Board of Deputies of British Jews president Jonathan Arkush has been slammed for “fanning the flames of inter-community hatred” against Muslims in Britain following the London Bridge terror attack.

Almost 100 Jews from across the community signed an open letter accusing the Board of Deputies chief of contributing to “the atmosphere of anti-Muslim sentiment in the UK” after he penned an opinion piece calling on Britain’s Muslim community to “stand up and be counted” against terror.

“It is not the time to be fanning the flames of inter-community hatred, as Donald Trump has in attacking Sadiq Khan based on his ethnicity,” reads the letter, which went live Wednesday.

The letter’s signatories, who are hoping to gather more support for their protest, said they were “deeply troubled” by the article, in which Arkush urged “every British mosque” to stage protests against terror, and asked that imams and community leaders “make the point … that these attacks are a perversion of Islam and the attackers will be liable to be punished after death and not rewarded in heaven.”
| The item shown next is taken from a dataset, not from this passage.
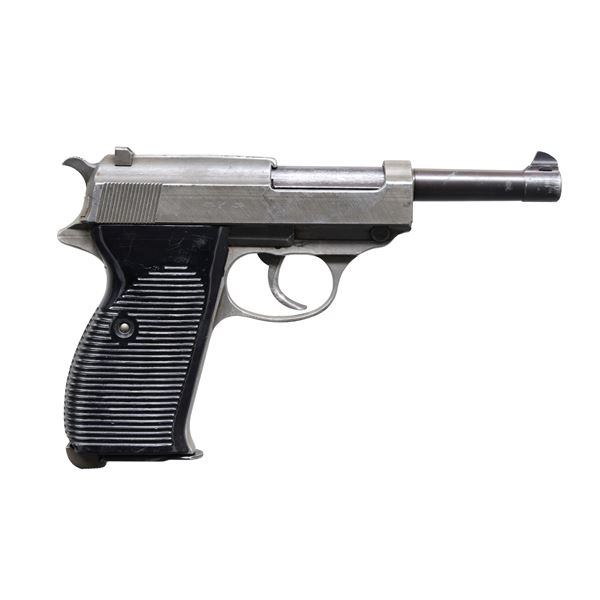 SEMI-AUTOMATIC PISTOL, WITH FN MANUFACTURED SLIDE. Cal. 9mm Luger. S# 5689c. Bbl. 4 7/8". 1 of only 2,150 P.38 semi-automatic pistols mfg. by Mauser with a sub-contracted slide mfg. by Fabrique Nationale originally intended for Walther. The left side of the slide is marked "P.38", followed by Walther's mfg. code and the 2-digit year of mfg. "ac/ 43", and the S#, with Mauser Eagle/WaA135 acceptance proofs and an eagle firing proof marked on the right. Frame and slide exhibit a phosphate finish, with the bbl. exhibiting a blue finish. Frame is mounted with 2-piece grooved black Polymid 6 grips. Dovetailed blade front sight, with U-notch rear sight. All serialized parts are matching and include the frame, slide, bbl., and locking block. MAGS: 1 blued 8-rd., with a Mauser Eagle/WaA135 proof on the spine. CONDITION: very good, with metal components retaining the majority of their original arsenal phosphate and blue finishes, exhibiting some areas of light to mild wear and thinning that show through to gray patina, with some scattered spots of age related discoloration. Bbl. exhibits a few scattered spots of mild pitting. Firing pin indicator retains fair amounts of its original phosphate finish, with the balance exhibiting a gray patina and areas of age related discoloration. Near mirror bore, exhibiting some scattered spots of light to mild surface oxidation and pitting, while retaining well defined rifling throughout. Safety lever decocker functions appropriately when cycled by hand. Grips show some superficial marks from handling and storage, but otherwise remain sturdy and serviceable. A very nice example of a seldom encountered Mauser P.38, assembled with an FN mfg. slide. PROVENANCE: the Estate Collection of Charles Wagner. (25-317/MLW). CURIO. $2,000-3,000.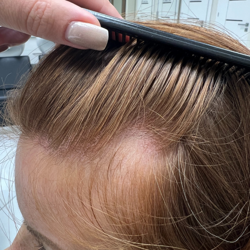 That’s when I turned to the salon in Újbuda. My trichologist, Zsüli Horváth, with her expertise and kind personality, convinced me from the very first visit that I was in good hands. As the treatments progressed, the increasing number of new hairs growing back confirmed this. I continued visiting her throughout my pregnancy and even afterward, which helped me manage the natural, stronger postpartum hair shedding as well.

Attacking the Board of Deputies president for “presuming to enforce a mandatory public reaction on the entire Muslim community”, with regards to the Islamist attack that killed eight people, the letter states “it is not for us to dictate how people in grieving communities should respond.

“We stand with all our Muslim sisters and brothers, and all people of faith and no faith, in love and healing from these atrocities – together.”

Responding to the criticism, Board of Deputies Vice President Marie van der Zyl argued Arkush “was echoing many eminent Muslim leaders in calling for their communities to reclaim their faith from the extremists,” and pointed out that he has “dedicated his presidency to engaging with Muslim communities around the country and calling out divisive anti-Muslim rhetoric”.

“The answers to this question of how to tackle extremism are certainly not simple, but we won’t get anywhere through spurious name-calling,” she said.